━━ PROVIDED INFORMATION

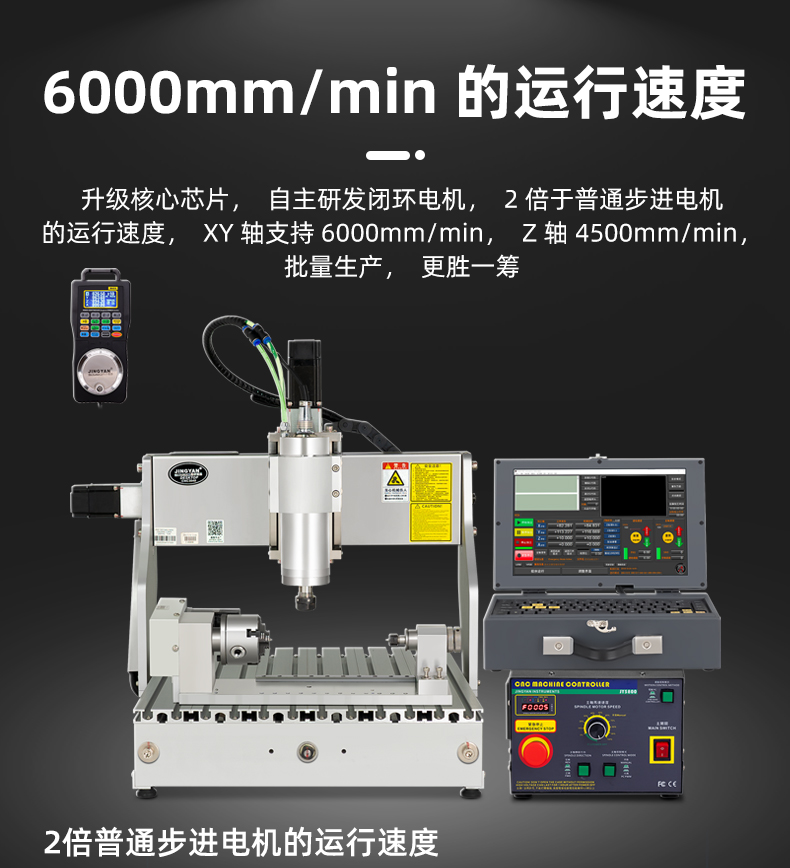 晶研M系列桌面雕刻機提供多種功率選擇,適應(yīng)不同硬度材料加工需求。其高精度編碼限位系統(tǒng)、高速閉環(huán)電機和智能驅(qū)動卡,確保了加工的精度、速度和節(jié)能效果。此外,晶智牛云系統(tǒng)和手機小程序為用戶提供了便捷的教學和售后服務(wù),使其成為工業(yè)應(yīng)用的理想選擇。
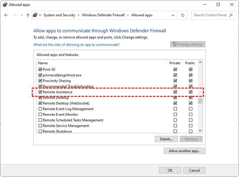 Step 2. Please make sure Remote Assistance is allowed through Windows Defender Firewall on both Private and Public networks.
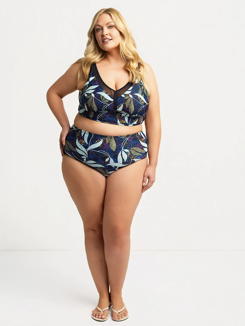 Culotte de maillot taille haute en textile extensible imprimé à motifs végétaux.
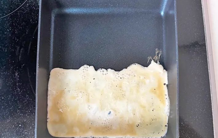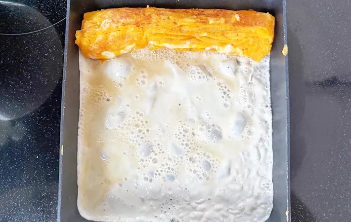 再び、卵白を流し入れます。今度は玉子焼き器全体に流し入れてください。
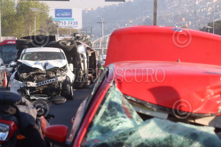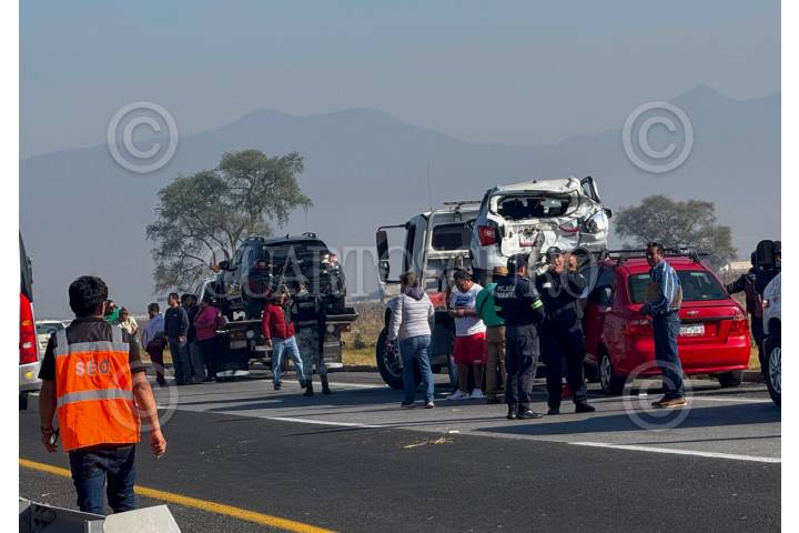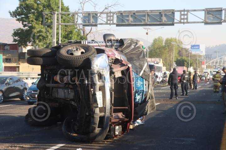 ECATEPEC, ESTADO DE MÉXICO, 23ENERO2026.- Está mañana murieron dos personas tras un choque que provocó un auto rojo y dos camionetas que circulaban en el kilómetro 15 de la autopista México Pachuca con dirección a la capital. FOTO: ROGELIO MORALES/CUARTOSCURO.COM

━━━━

■ DIRECTIONS FOR THIS TASK ■
Leave the pictures out, and please copy only the lines from the one with "再び、卵白を流し入れます。今度は玉子焼き器全体に流し入れてください。" through the end of the listing.

■ SOLVED PROBLEM ■
 再び、卵白を流し入れます。今度は玉子焼き器全体に流し入れてください。
 ECATEPEC, ESTADO DE MÉXICO, 23ENERO2026.- Está mañana murieron dos personas tras un choque que provocó un auto rojo y dos camionetas que circulaban en el kilómetro 15 de la autopista México Pachuca con dirección a la capital. FOTO: ROGELIO MORALES/CUARTOSCURO.COM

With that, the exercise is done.